Friday, September 2, 2016

My Celebrity Quiz: Answers Revealed!


As promised, here are the answers to Wednesday's quiz. If you feel you should have been included here and you don't see your name, please contact me asap.

1. Margo Martindale (above, as Mags Bennett in the TV series Justified) read a poem at my wedding in Randolph Center, Vermont, in 1981. The groom, Patrick Husted, was her ex-boyfriend, and the poem, which Margo chose herself, was “The Passionate Shepherd to His Love.” She won her first Emmy a few years after her star turn at my wedding.

Ethan Phillips as Neelix.
2. Ethan Phillips lent me his house in the Catskills while he went to L.A. to look for work. Mr. Phillips went on to play Neelix, a space alien and gourmet chef, on Star Trek: Voyager, and I had many encounters with his exterminator, whom we always referred to as "the Bug Man."

3. Julia Glass was a copy editor in the Cosmo copy department when I was the copy chief, back before desktop computers. As chief, I hosted a weekly meeting where we ate croissants and discussed punctuation marks. Julie went on to win a National Book Award and I went on to write this blog.
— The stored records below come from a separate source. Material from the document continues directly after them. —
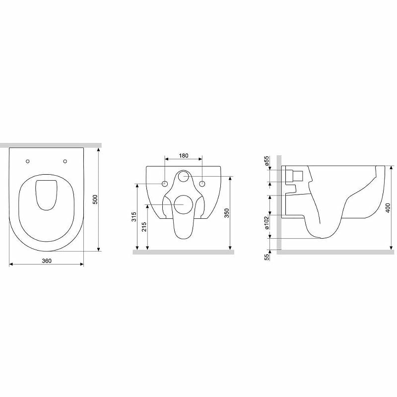 | Глубина унитаза | 500.000 |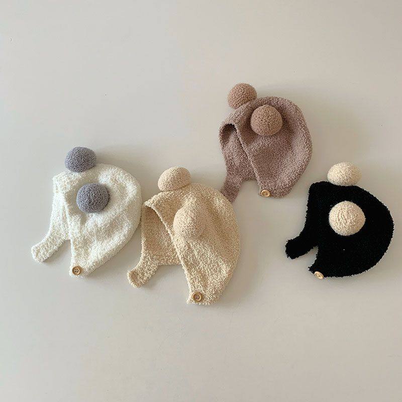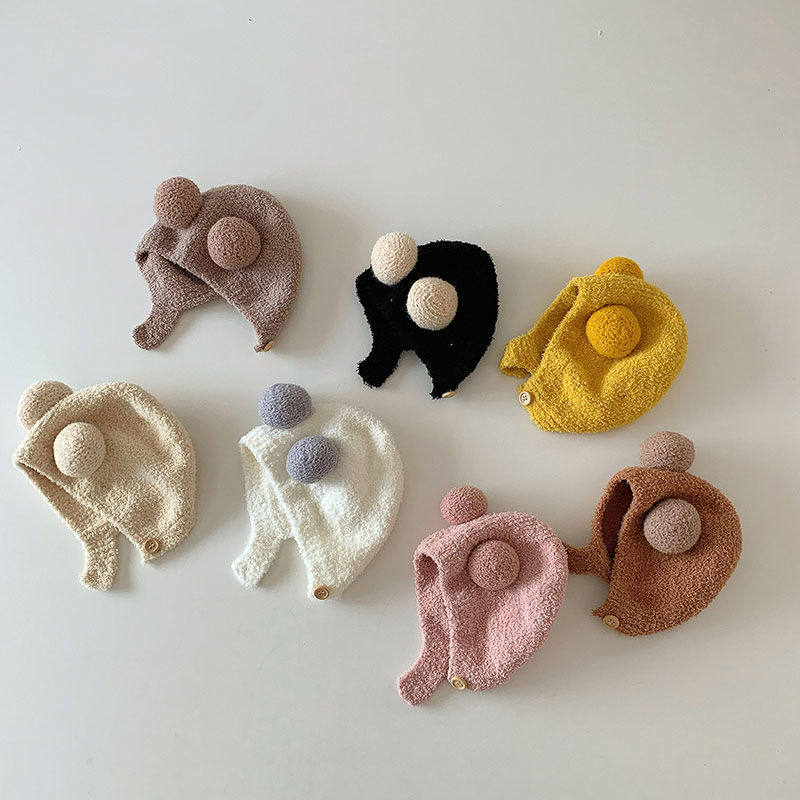 尼多熊婴儿帽子秋围脖一体宝宝毛绒帽防风护耳帽冬季保暖婴幼儿帽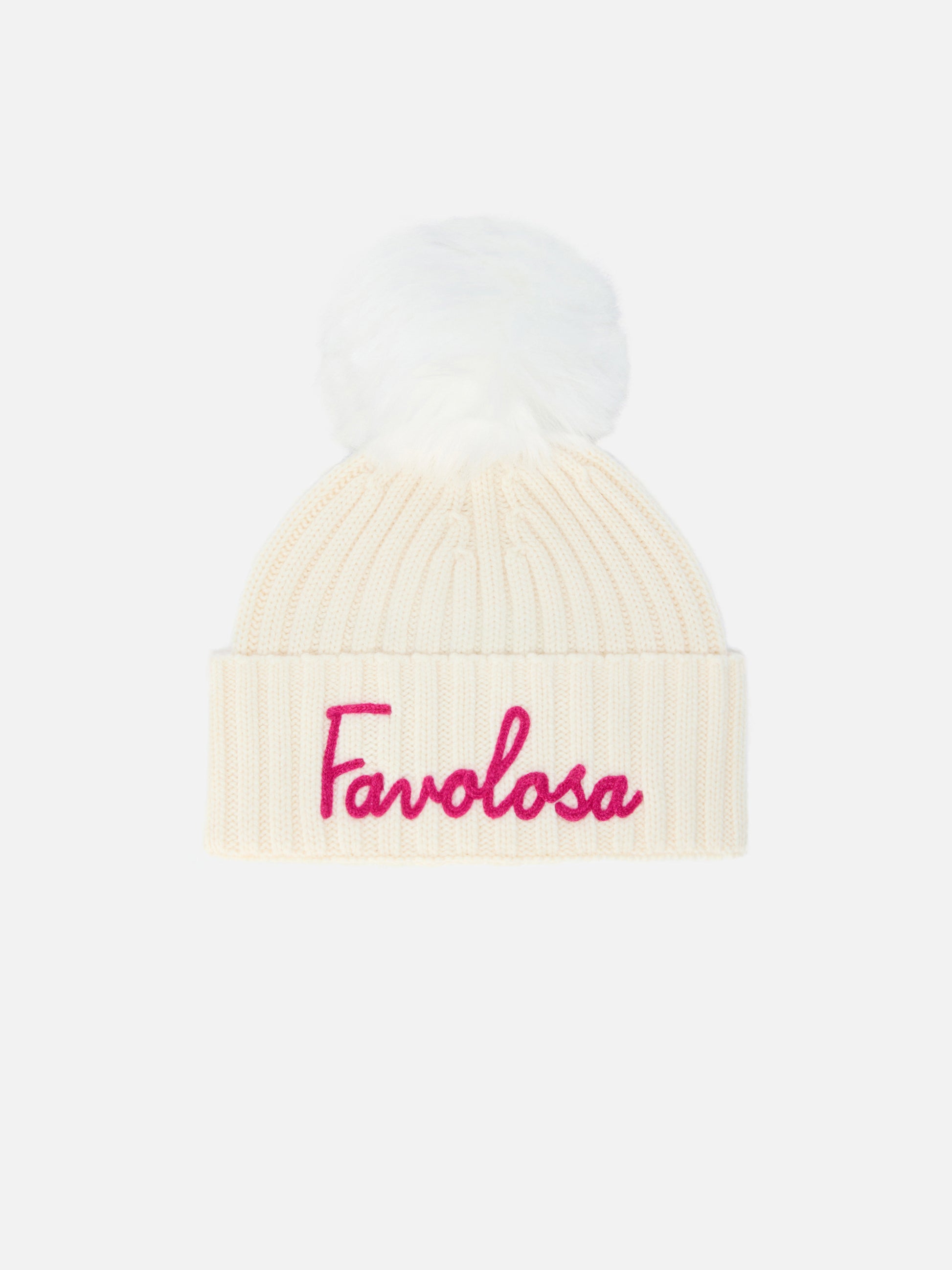 Wengen Jr F beanie in cashmere blend in white with Favolosa embroidery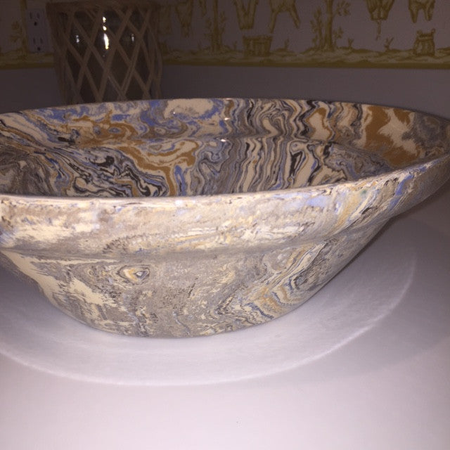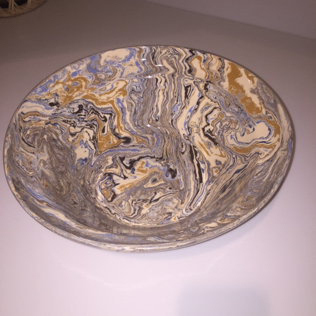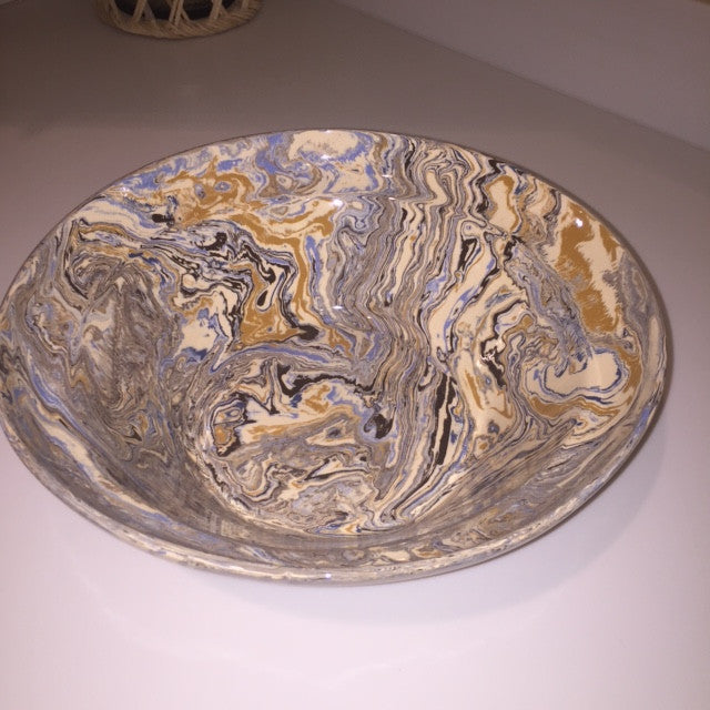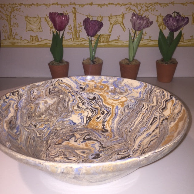 This Marbleware Bowl in French Blue, Mustard, Cream, and Brown is a true work of art. Handcrafted in France, its vibrant color palette and stunning marbled finish make it a standout piece for any collection. Perfect for serving or display, the bowl measures 12" in diameter and stands 3.75" high. Whether you're adding to your existing Marbleware collection or starting a new one, this beautiful French-made bowl will take your breath away and elevate your home decor with its timeless elegance.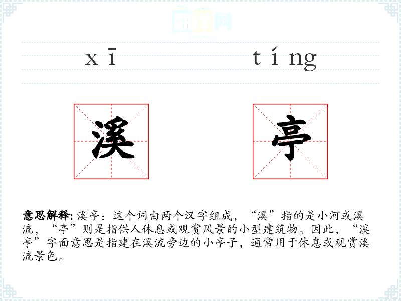 溪亭:这个词由两个汉字组成,“溪”指的是小河或溪流,“亭”则是指供人休息或观赏风景的小型建筑物。因此,“溪亭”字面意思是指建在溪流旁边的小亭子,通常用于休息或观赏溪流景色。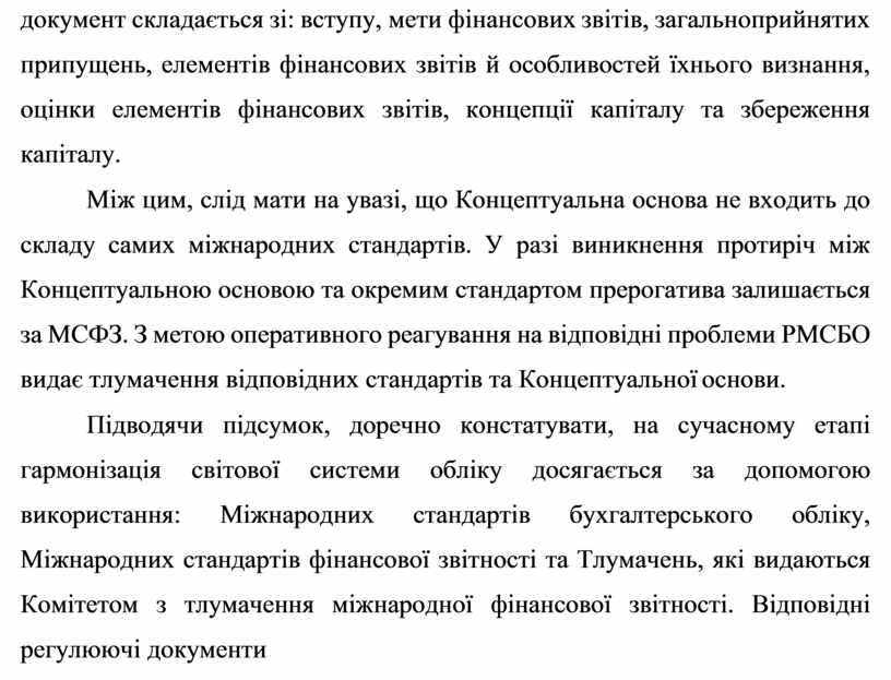 Підводячи підсумок, доречно констатувати, на сучасному етапі гармонізація світової системи обліку досягається за допомогою використання: Міжнародних стандартів бухгалтерського обліку, Міжнародних стандартів фінансової звітності та Тлумачень, які видаються Комітетом з тлумачення міжнародної фінансової звітності. Відповідні регулюючі документи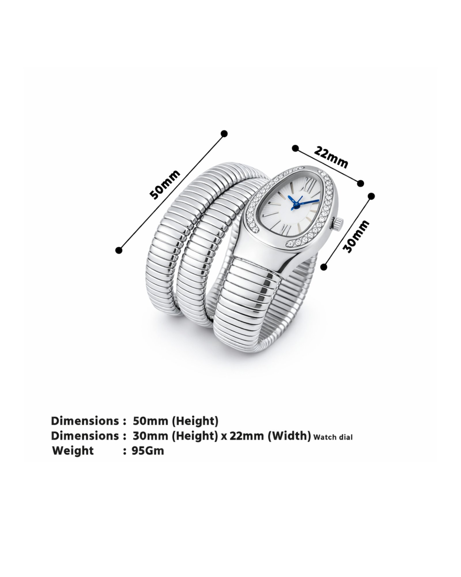 The Silver Finish Wrap Style Watch Bracelet blends elegant jewellery design with practical timekeeping for everyday wear. Crafted from high-quality stainless steel, it offers excellent durability, corrosion resistance, and long-lasting shine. The crystal-accented watch dial adds a stylish and functional touch, while the flexible ribbed coil structure ensures easy wear and all-day comfort. Designed for a comfortable fit on wrists up to 17 cm, it naturally adjusts to wrist movement without clasps or adjustments. The polished silver-tone finish creates a clean, modern look suitable for casual, office, and evening styling. With a solid 95-gram weight and premium construction, this bracelet watch delivers a luxurious feel and reliable everyday performance.

4. Cosmo editor Helen Gurley Brown was my boss in 1979, before Hearst renovated the eighth floor of 224 West 57th Street and she finally got her own bathroom. Besides the paper towel that she handed me one day in the ladies room, she also gave me a Diane von Furstenberg wrap dress, four Tiffany dessert plates, and a four-leaf clover that she plucked from her sister's lawn in Shawnee, Oklahoma.

5. Martha Stewart hired me to help expand her business empire, which was growing at such a rapid pace in the late 1990s that she eventually ran out of office space and had to move some of her staff into a warehouse in Chelsea. My job was to edit recipes for wedding cakes, and my desk was in a corridor outside the men's room.

Composer Nico Muhly; we had the same piano teacher.
6. Nico Muhly and I were born in the same hospital and had the same piano teacher: Florence Scholl Cushman of Randolph, Vermont. Nico’s mother, Bunny Harvey, introduced me to stuffed squash blossoms and his father, Frank Muhly, taught me how to eat shrimp. Nico wrote an opera that was performed at the Met; I quit piano lessons when my acting career began to take off, a chapter of my life that I wrote about in embarrassing detail here.

7. Bette Midler and I started our respective careers in New York City, then moved to L.A. We moved back to New York City at almost exactly the same time, and we were both so appalled by the amount of trash that had accumulated during our absence that she started a beautification program and I volunteered to pick up litter. (I actually met her face-to-face only once and I doubt she would remember me.)

8. Bernie Sanders visited the Randolph Senior Center in 2010, when I was a volunteer server. Senator Sanders told the Wednesday lunch crowd that Social Security is NOT going to bankrupt the U.S. government and anyone who says otherwise is full of crap (not his exact wording). He did not stay for the meat loaf.

Lost in Moscow for Condé Nast Traveler.
9. Klara Glowczewska was the editor in chief of Condé Nast Traveler in 2009 when the editors of the Stop Press news section (RIP), Kevin Doyle and Deborah Dunn, sent me to Moscow on a writing assignment-slash-scavenger hunt modeled after the reality TV show The Amazing Race. One of my assignments was to find an all-night pharmacy and buy aspirin.

10. Jon Voight was just about to start rehearsals for Hamlet, the play that wrecked his marriage, in the summer of ’77 when he invited the play’s director to dinner at the Park Lane hotel in New York City. I was the director’s date. Marcheline Bertrand was there, too, and Angelina Jolie was asleep in a crib. I think it's fair to say that the production, which opened a few weeks later at Rutgers, was (a) not very good and (b) memorable only in that it changed the lives of everybody in that room. Jon Voight plays a minor role as the movie star in this book.